Peter Straughan (screenplay by), Donna Tartt (based on the novel by)
Based on the Pulitzer Price Winning book by Donna Tartte, one wishes the film would contain a more solid and credible story, but what transpires onscreen is mired by two glaring flaws (two incidents that are totally inconceivable that they destroy the entire film.
John Crowley directs with the same care and over-caution as he did in his last BROOKLYN but goes off with the pacing. For a crime caper, the film moves more like his BROOKLYN romance drama.

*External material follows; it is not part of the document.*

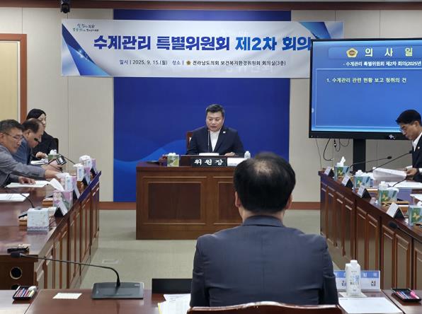 이날 회의는 정영균 위원장(더불어민주당·순천1)을 비롯한 특별위원들과 김정섭 전라남도 환경산림국장 등이 참석한 가운데, 수계관리기금 및 댐 주변 주민지원사업 등 추진사항에 대한 보고 청취와 질의응답 순으로 진행됐다.

Decker (Ansel Elgort) was only 13 when his mother died in a museum bombing, sending him on an odyssey of grief and guilt, reinvention and redemption. Through it all, he holds on to one tangible piece of hope from that terrible day: a priceless painting of a bird chained to its perch, The Goldfinch – that he had kept from the bombing.
The film is a coming-of-age tale with criminal plots, personal secrets, and the transformative power of art thrown into the story.
The film opens with the mysterious and introverted Theodore Decker (Elgort) holed up in an Amsterdam hotel, desperate and facing a lethal threat. His story since childhood then unfolds in layers of rash decisions and sudden betrayals. Young Theo (Oakes Fegley) saw his privileged life with his mother shattered one day on a visit to an art museum. In the aftermath of an attack among the masterpieces, one priceless 17th-century oil painting goes missing. What happened to the The Goldfinch? And how will its disappearance follow Theo across America throughout his whole youth and on to his Dutch hideout? Clues are provided to the audience and it does not take a genius to put two and two together that Decker has the painting.
The two coincidental plot flaws are:
- the coincidental re-meeting of Theo and Boris as adults in a bar out of the blue in NYC. Just how many bars are there in NYC and how big is the city? And the timing?
- the over tidy Hollywood-Style happy ending where all comes too neatly in place to bring the film to a conclusion
Elgort is perfect in the role, showing both the charm and darker shadows that have marked his best work. Kidman is as compelling as ever in every frame. And a stellar cast of actors — Finn Wolfhard, Jeffrey Wright, Sarah Paulson, Luke Wilson — turn up as characters who further complicate Theo’s jagged path.
The big plus of the film is that Goldfinch was shot by the legendary, Oscar-winning cinematographer Roger Deakins, who gives it a polish appropriate to its high-stakes, high-crime story.